### Supplied records

#####

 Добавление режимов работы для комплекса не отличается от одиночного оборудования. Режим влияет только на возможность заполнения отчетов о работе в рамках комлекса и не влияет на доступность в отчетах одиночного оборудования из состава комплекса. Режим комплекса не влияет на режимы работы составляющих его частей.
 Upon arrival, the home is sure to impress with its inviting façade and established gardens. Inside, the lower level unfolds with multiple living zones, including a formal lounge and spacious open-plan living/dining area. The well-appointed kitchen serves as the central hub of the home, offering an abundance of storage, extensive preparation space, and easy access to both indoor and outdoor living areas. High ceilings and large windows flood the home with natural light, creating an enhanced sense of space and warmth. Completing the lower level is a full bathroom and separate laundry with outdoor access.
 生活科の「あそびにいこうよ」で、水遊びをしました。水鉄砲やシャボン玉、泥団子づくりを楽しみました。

#####

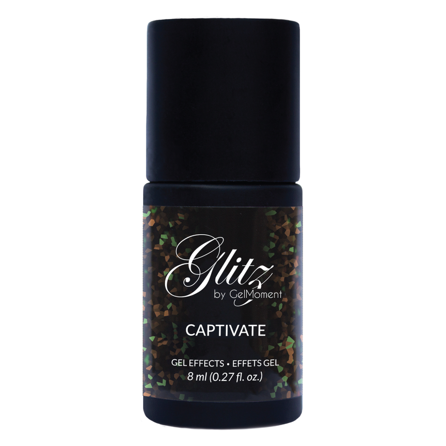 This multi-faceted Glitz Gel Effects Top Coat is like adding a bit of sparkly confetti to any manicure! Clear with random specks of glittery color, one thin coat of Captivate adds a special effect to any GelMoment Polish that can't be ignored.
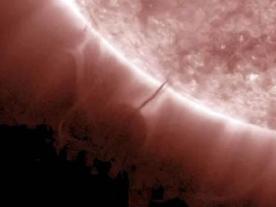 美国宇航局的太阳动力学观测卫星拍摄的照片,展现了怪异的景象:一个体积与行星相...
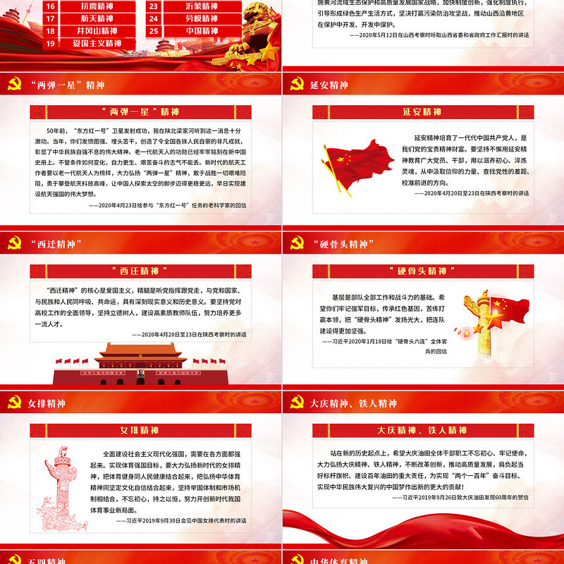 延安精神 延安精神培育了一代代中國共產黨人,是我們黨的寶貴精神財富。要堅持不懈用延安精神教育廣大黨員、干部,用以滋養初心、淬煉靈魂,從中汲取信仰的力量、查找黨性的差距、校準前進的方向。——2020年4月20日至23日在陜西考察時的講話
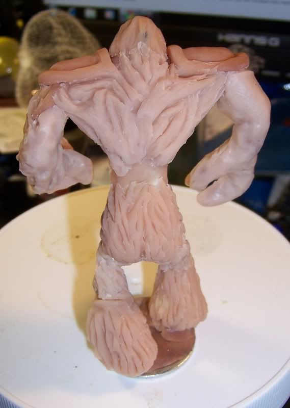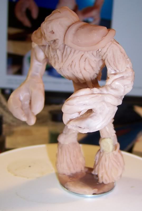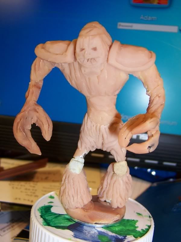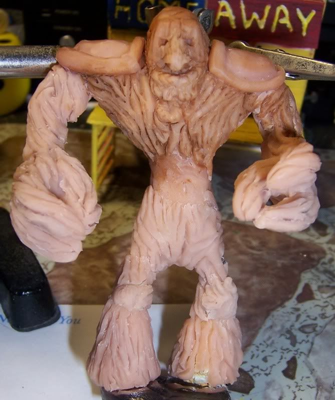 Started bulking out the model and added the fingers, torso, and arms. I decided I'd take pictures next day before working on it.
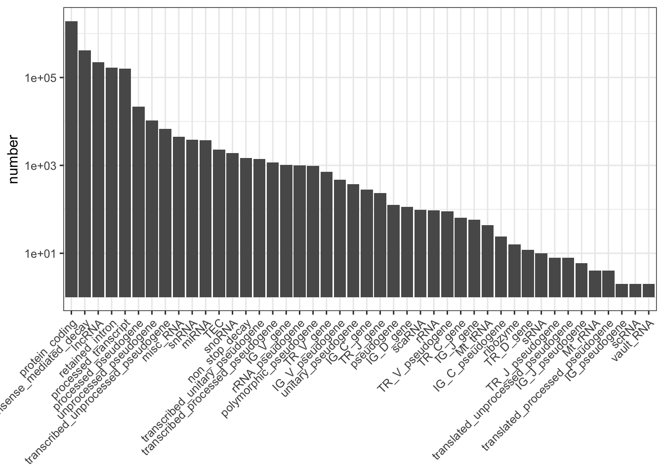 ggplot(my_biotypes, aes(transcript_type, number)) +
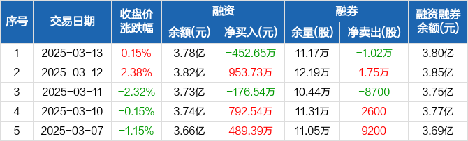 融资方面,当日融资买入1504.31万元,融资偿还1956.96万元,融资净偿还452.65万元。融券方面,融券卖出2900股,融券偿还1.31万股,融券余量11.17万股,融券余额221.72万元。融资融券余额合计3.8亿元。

#####

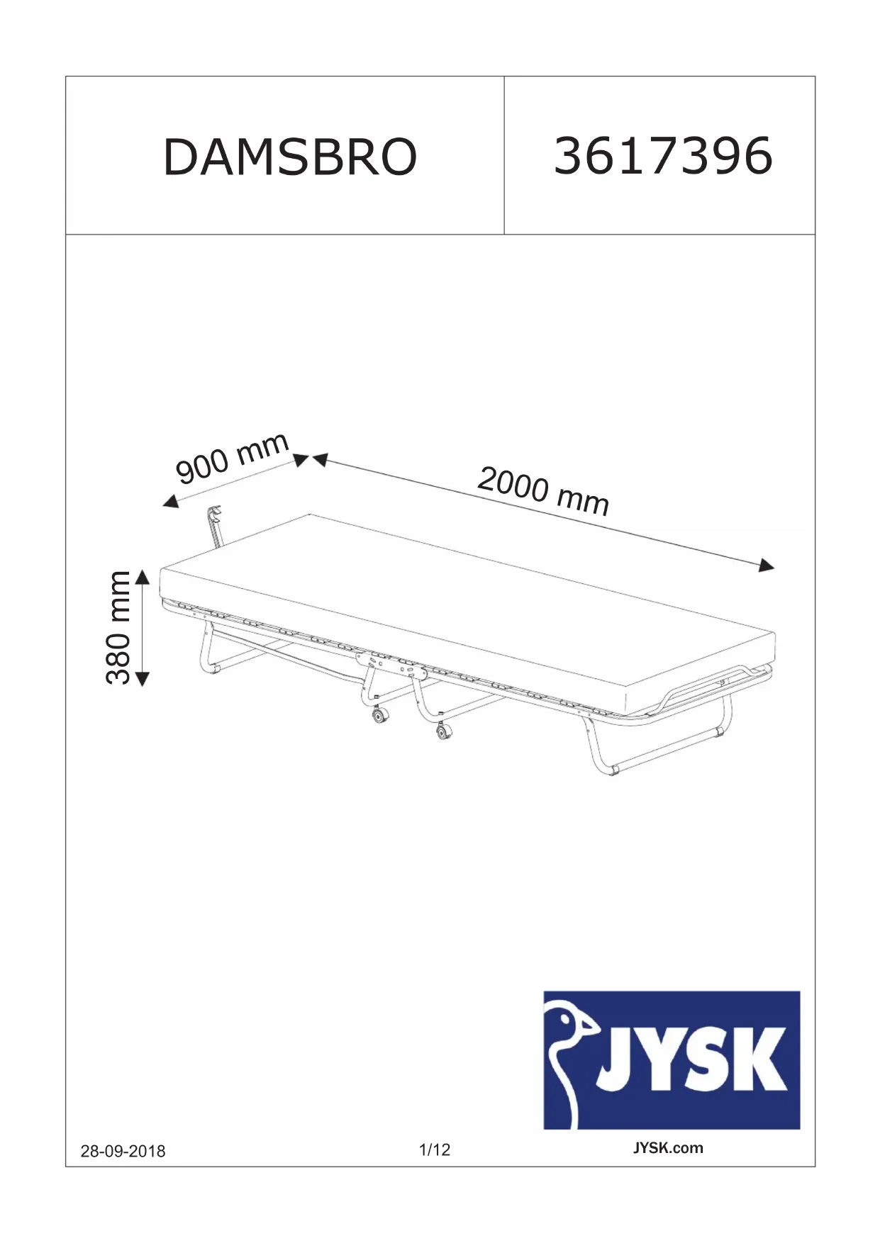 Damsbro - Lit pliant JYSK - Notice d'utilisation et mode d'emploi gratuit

#####

### Task statement
Reproduce exactly, with no pictures, the lines above from the one holding "延安精神 延安精神培育了一代" to the one holding "Started bulking out", inclusive.

### Answer section
 延安精神 延安精神培育了一代代中國共產黨人,是我們黨的寶貴精神財富。要堅持不懈用延安精神教育廣大黨員、干部,用以滋養初心、淬煉靈魂,從中汲取信仰的力量、查找黨性的差距、校準前進的方向。——2020年4月20日至23日在陜西考察時的講話
 Started bulking out the model and added the fingers, torso, and arms. I decided I'd take pictures next day before working on it.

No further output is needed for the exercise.